In another peek at where we’re up to with AI assisting with our jobs, this research finds that it’s worse at some bits, better at others, and frequently just as good.
Given the same medical data as attending physicians and residents at two large Boston medical centres in 2023, Open AI performed on par with both residents and attendees in diagnostic accuracy, overall clinical reasoning and cannot-miss diagnoses (defined as those posing “imminent threat to life or limb”).
But its clinical reasoning was more frequently wrong than that of the humans.
Twenty virtual clinical presentations were chosen from a set developed to teach and test clinical reasoning – prioritised differential diagnosis and illness script accuracy, problem representations, diagnostic probabilities and management plans. These cases were written and edited by expert practising doctors.
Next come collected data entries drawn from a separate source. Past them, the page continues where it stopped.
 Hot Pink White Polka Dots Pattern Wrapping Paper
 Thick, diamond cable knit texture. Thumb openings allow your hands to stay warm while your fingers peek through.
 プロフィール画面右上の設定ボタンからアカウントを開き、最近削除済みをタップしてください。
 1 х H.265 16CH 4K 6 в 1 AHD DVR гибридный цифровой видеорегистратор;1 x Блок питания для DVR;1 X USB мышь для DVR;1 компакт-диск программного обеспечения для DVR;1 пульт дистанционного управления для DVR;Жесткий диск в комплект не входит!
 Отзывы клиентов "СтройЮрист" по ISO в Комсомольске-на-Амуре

They covered pharyngitis, headache, abdominal pain, cough, dyspnoea, chest pain, or arthralgia. New information was presented at four stages: triage presentation, review of systems, physical examination, and four diagnostic testing.
Twenty-one attending doctors and 18 residents got one randomly selected case each. The AI (a large language model, freely available online) did all 20.
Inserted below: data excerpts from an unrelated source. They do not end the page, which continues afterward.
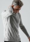 7G(ゲージ)の変則編み(縄編み×鹿の子ワッフル編み)クルーネックニットです。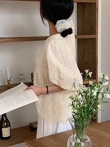 Dress room 2022 ss 데이지 레이스 반팔 블라우스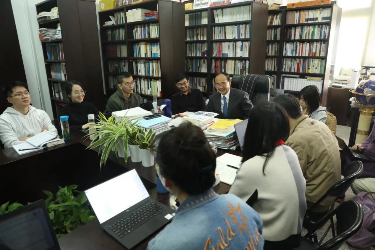 张明楷与同学们在一起讨论。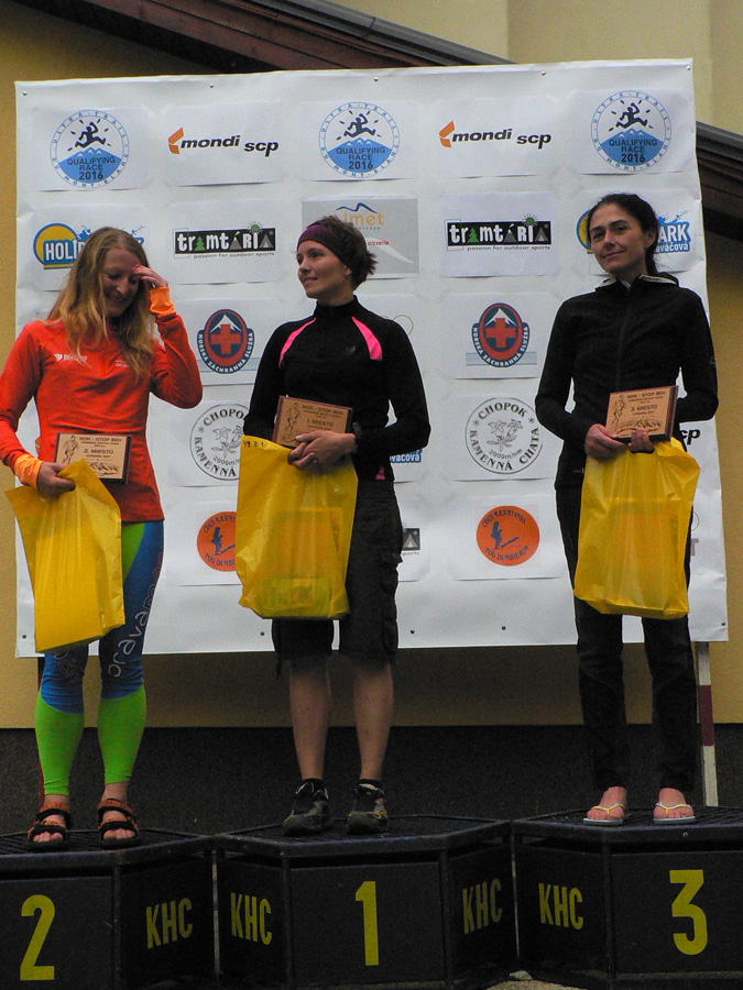 Prvú ženu som „odlovil“ niekde v Krížskom sedle: Alena Slaná na to, že šla prvý raz, o riadny kus viedla pred dvojicou Silvia Petrjánošová – Alžbeta Železníková. Štvrtá a piata už výrazne strácali, prebehli okolo mňa až na masíve Prašivej. Po Aleniných žalúdočných problémoch si po víťazstvo dobehla Silvia (vynahradila si vlaňajšie blúdenie), komfortne o 13 minút pred Alžbetou. Alena tretia.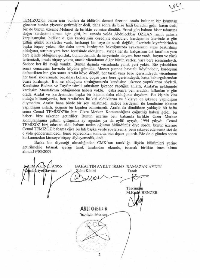Ertesi gün babam bana ve Mehmet Özdal’a erzak, yiyecek, içecek, su götürmemizi söyledi, biz de Mehmet ile birlikte babamın söylediği hisar tabur komutanlığının bulunduğu yere gittik. Oraya vardığımızda askerler bize neden geldiğimizi sordular. Biz de erzak getirdiğimizi söyledik, bu esnada biraz ilerimizde kardeşim Mustafa’nın yerde elleri ve ayakları bağlı bir şekilde yattığını gördüm. Kardeşime iki kişi taşlarla ve sopalarla vuruyorlardı, bunun üzerine biz oraya doğru uluşmak için Mehmet ile birlikte hamle yaptık, ancak askerler oraya geçmemize izin vermediler. Bu esnada Cemal Temizöz isimli komutan ne olduğunu sordu, askerler de yiyecek getirdiğimizi söylediler, bunun üzerine bunları da öldürün diye askerlere söyledi. Kardeşim yerde elleri ön taraftan bağlanmış vaziyette yatıyordu, orada bulunan askerlere kardeşimizi kimin dövdüğünü niye dövdüğünü sorduk, onlar da itirafçı olan Bedran ve Tayfur isimli şahısların kardeşimi döven şahıslar olduğunu söylediler. Bu şahıslar kardeşimi döverken Cemal Temizöz de vurun öldürün diye Bedran ve diğer şahsa emir veriyordu.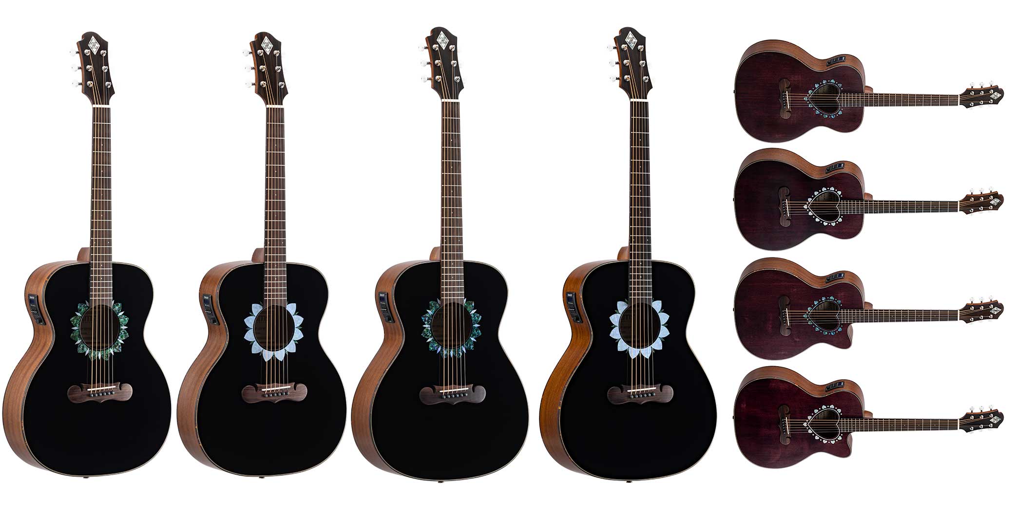 各モデルとも、アンダーサドル・ピックアップと4バンドEQ、クロマティック・チューナー機能を持ったプリアンプを搭載し、アンプなどの外部機器に出力可能。それぞれアバロン柄とマザー・オブ・パール柄のロゼッタがラインアップされている。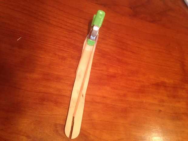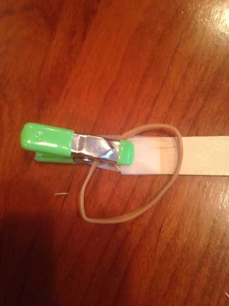 Tome el rubber band(s), poner en el clip y estirar al guión que hiciste en el paso 1. Objetivo, abrir el clip y ver que volar! Si el guión es demasiado largo, que sea más corto y vuelva a intentarlo.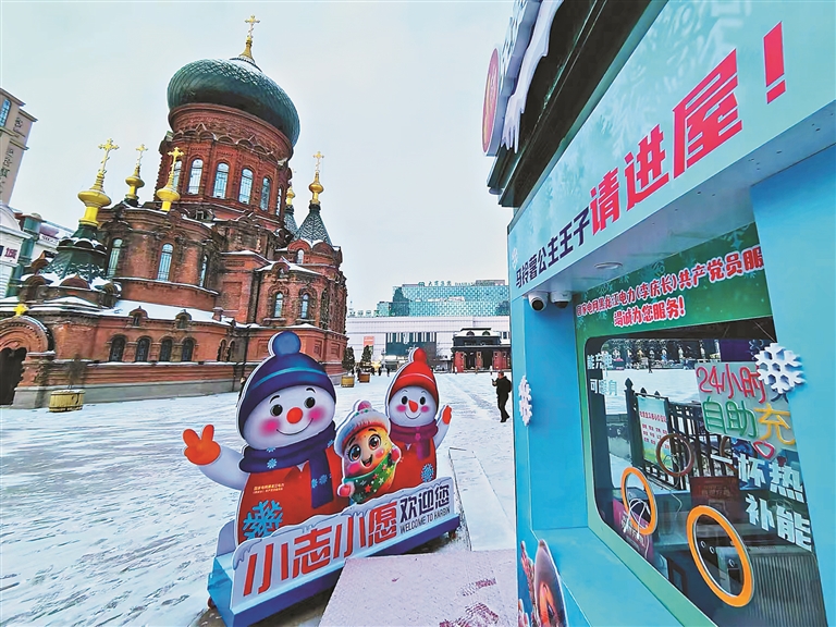 13日晚,记者看到,在索菲亚教堂景区的一角,一座印有“用电@他好使”爱心标识的电力“能量小站”颇为引人注目。一名在此拍照的游客进入电力公司工作人员的视野,对方正为手机缺电无法拍照而犯愁。“公主请充电。”电力公司职工於炜人热情邀她来驿站,递过来一根充电线,并细心地为手机贴上一层热贴。“我从广东来,飞机刚一落地就到这里拍照,雪后索菲亚教堂景区就像童话世界,还没拍尽兴手机就冻没电了,你们的服务真的太赞了。”游客说。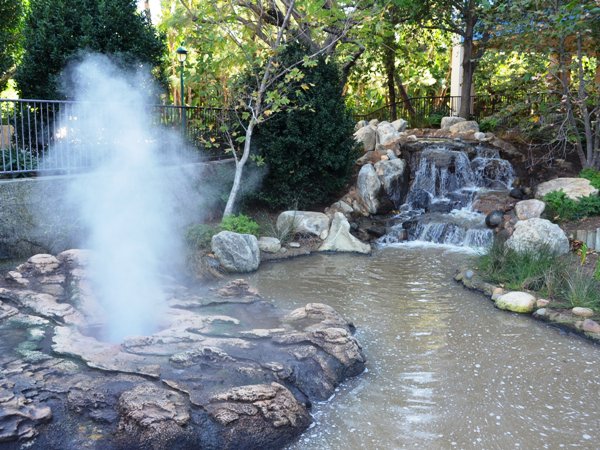 Image: Waterfall and geyser pool near the Frontier Tower.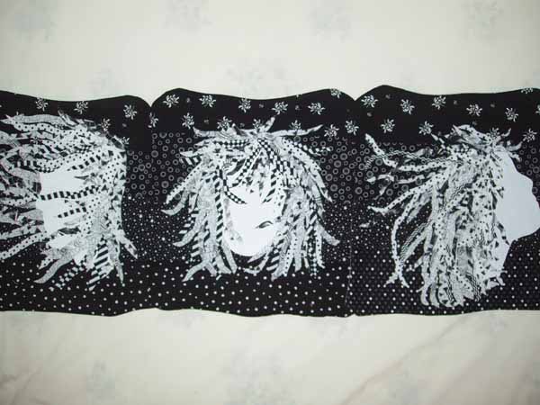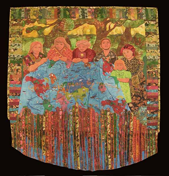“Can We Sew Peace by Morning” came to me after thinking about the war in Iraq and the many wars that have plagued humankind. Quilters are a very compassionate people, often devoting hours of work into a quilt to be given to someone in need. This quilt depicts five women and a child, each expressing a slightly different emotion which they have embroidered into the quilt of the world as the sun begins to rise in the background. The fringe depicts that which is yet unfinished, threads of love not yet woven into the fabric of the world.

The responses were then marked for overall “evaluation of demonstration of clinical reasoning in the assessment section of admission notes”, including interpretive summary, differential diagnosis, explanation of lead diagnosis and alternative diagnosis explanation. See here for the complete rubric.
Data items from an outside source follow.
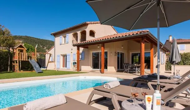 Apresentando vista da piscina, La Villa des 3 ifs dispõe de acomodações com varanda e máquina de café, a cerca de 6,4 km de Pont d'Arc.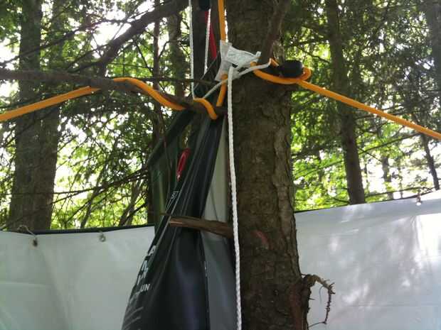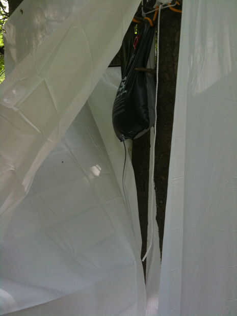Esta configuración sobrevivió una masiva tormenta de lluvia/trueno/relámpago perfectamente. Todos excepto las pinzas para la ropa, uno de los cuales voló.
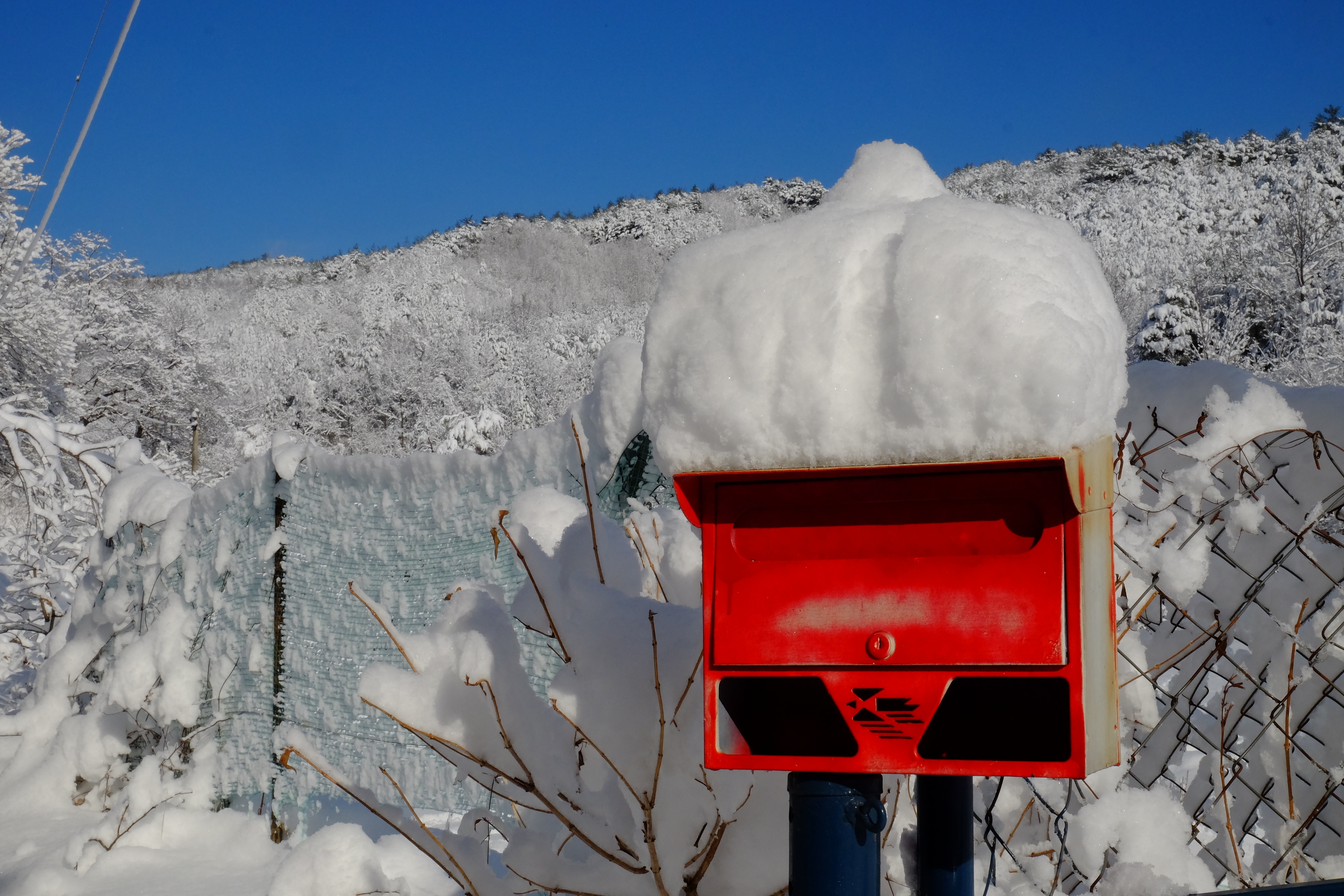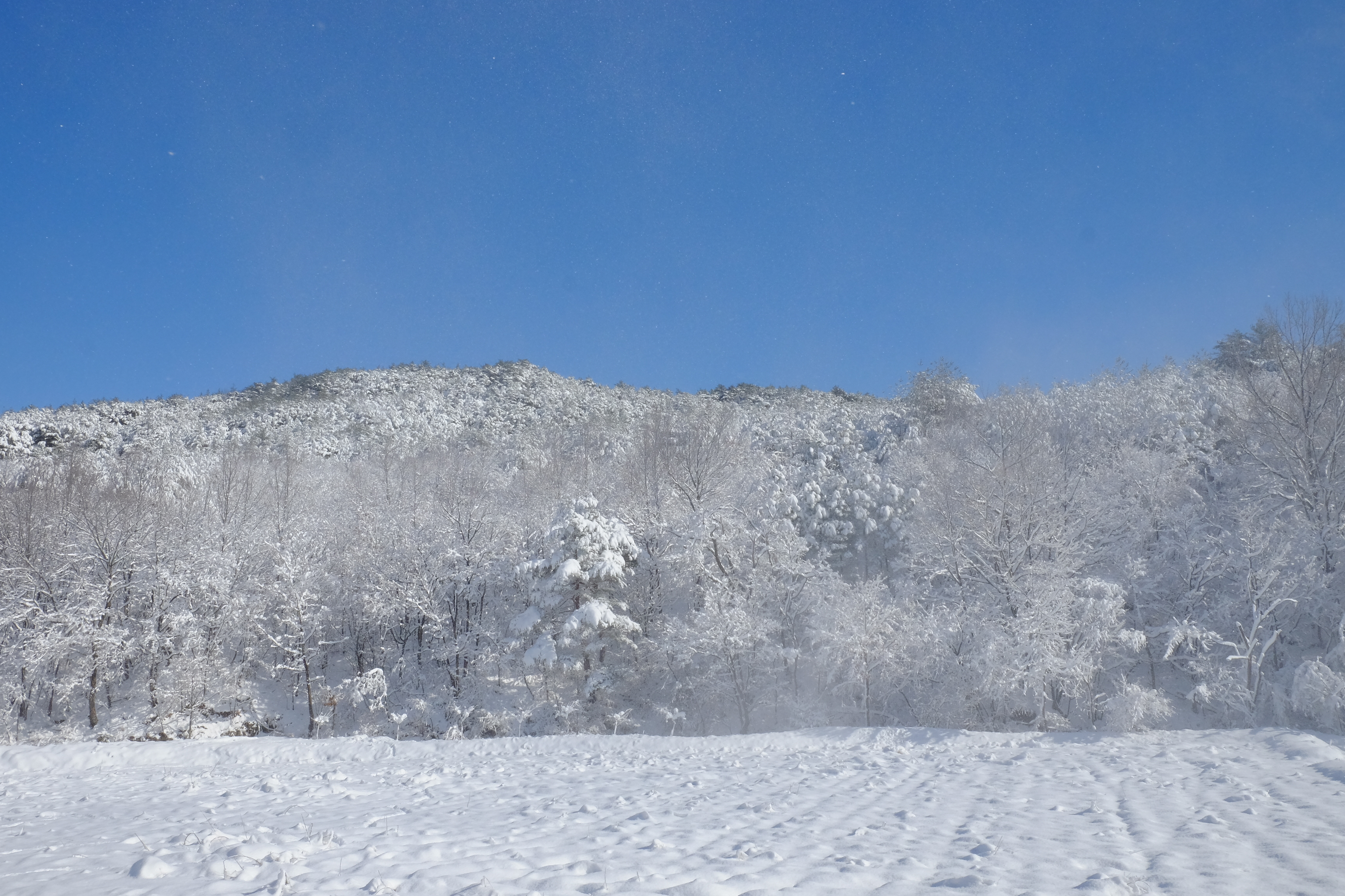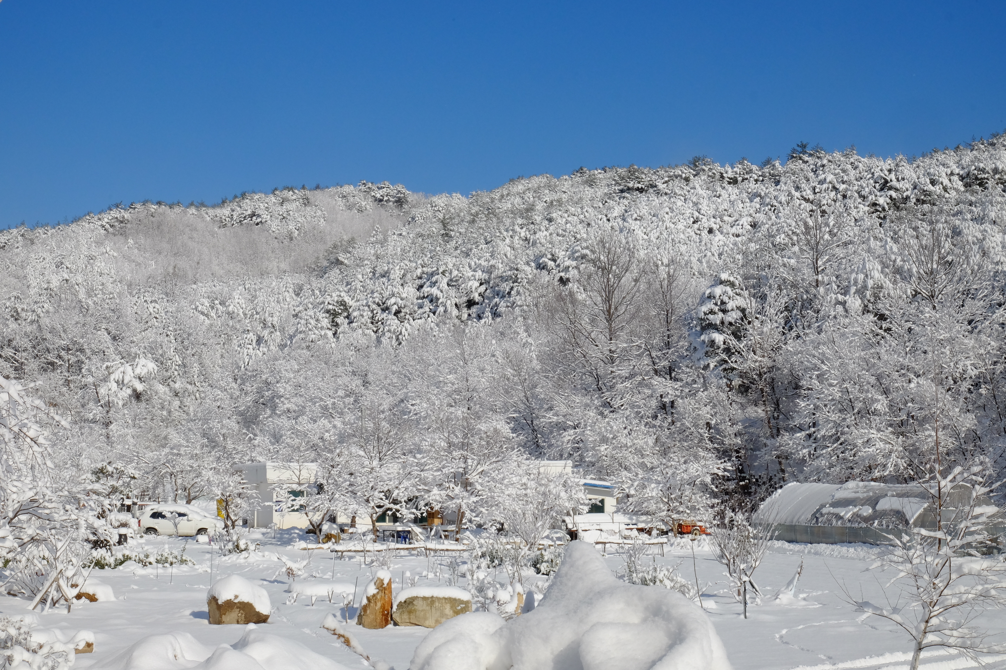 멋지네. 파란 하늘이랑 하얀 눈이랑 이러면서 또 찰칵,

In clinical reasoning, ChatGPT-4 scored higher than doctors overall (a median score of 10 out of a possible 10, versus nine for attendings and eight for residents). But incorrect reasoning was more frequently detected in the AI’s answers than in the residents’ answer (in 11 cases vs two for residents, vs 10 for attendees).
For those playing along at home, this is what the physicians and ChatGPT-4 were asked to do:
You are an internal medicine clinician that is an expert at clinical reasoning. You are caring for the patient in the following case. You will be provided with four sections of the medical case scenario as it unfolds. For each section, provide a problem representation or a one sentence summary statement that highlights the most important elements from the case so far. Also provide your prioritized differential diagnosis with justification.
Please document your thinking just as you would if you were in a real healthcare setting so that we can evaluate your clinical reasoning.
And here is one of the presentations given to residents, attendees and AI.
A 21-year-old male wrestler presents with a 6-week history of progressive right knee pain that is dull in nature, exacerbated by bending and prolonged standing, and more pronounced at the end of the day, without significant trauma but associated with a limp.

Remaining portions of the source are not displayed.